Figure 4:Correction of annotation with RNA-Seq data in Artemis. (A) The gene has two exons and the splice site can be identified by split reads in the BamView top panel. The gray lines represent split reads and show splice sites. The split reads provide evidence for a different splice site (black arrows). Therefore this gene was corrected [4]. (B) The middle panel shows the coverage plots for three different time points. This gene is expressed mostly at time point 0 h and the coverage plots also pinpoint the position of the splice site. Two different representations of gene PF10_0022 of Plasmodium falciparum are shown (C), an incorrect old version and a corrected version.

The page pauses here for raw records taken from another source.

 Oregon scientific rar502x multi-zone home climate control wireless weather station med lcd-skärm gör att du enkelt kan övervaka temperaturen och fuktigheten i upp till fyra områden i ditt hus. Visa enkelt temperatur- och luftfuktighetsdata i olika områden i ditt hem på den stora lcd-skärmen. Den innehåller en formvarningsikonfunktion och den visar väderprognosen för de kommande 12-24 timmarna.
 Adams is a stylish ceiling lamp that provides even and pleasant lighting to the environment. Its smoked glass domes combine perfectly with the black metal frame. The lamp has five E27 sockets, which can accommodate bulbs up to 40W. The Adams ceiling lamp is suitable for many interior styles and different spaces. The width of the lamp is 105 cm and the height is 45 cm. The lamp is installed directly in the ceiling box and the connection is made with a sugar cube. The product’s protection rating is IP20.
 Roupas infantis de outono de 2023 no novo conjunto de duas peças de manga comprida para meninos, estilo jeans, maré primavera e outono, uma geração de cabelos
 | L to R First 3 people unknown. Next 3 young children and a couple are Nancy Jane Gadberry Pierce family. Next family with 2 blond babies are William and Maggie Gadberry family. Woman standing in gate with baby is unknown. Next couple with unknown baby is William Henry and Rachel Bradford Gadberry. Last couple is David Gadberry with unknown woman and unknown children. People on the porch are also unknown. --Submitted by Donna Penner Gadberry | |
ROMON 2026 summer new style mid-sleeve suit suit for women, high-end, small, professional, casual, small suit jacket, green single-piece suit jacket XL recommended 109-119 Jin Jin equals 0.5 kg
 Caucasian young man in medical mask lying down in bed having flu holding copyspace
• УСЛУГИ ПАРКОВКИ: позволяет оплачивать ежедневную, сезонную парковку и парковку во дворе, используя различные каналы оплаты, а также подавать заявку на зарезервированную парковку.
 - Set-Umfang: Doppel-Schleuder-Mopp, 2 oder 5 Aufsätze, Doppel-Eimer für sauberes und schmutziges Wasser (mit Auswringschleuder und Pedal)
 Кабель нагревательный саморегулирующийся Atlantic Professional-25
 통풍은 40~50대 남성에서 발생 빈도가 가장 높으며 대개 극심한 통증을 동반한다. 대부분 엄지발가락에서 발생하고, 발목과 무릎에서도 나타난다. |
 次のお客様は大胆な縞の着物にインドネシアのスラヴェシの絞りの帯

Figure 5:ACT example of two Plasmodium berghei genome assemblies. A BamView panel is loaded for each assembly to identify a miss-assembly in the top sequence (A). The bottom sequence (C) is the de novo assembly. The vertical gray bars (B) are BLAST matches (with a 99% identity cut-off) that indicate synteny and the black bars inversions. The white boxes on the forward strand indicate sequencing gaps, the other boxes in the top genome are gene models. In each BamView panel the view is cloned to show a coverage plot of mapped Illumina reads and the insert size view of mapped 454 reads. In the corrected genome (C) the coverage is more even and does not drop except in the gap regions. The outer BamView show mapped 454 reads with an insert size of 20 k. The read filter was used to just show proper pairs. Far fewer read pairs confirm the top assembly. As the new assembly is more covered with 454 mate pairs, the assembly seems to be correct.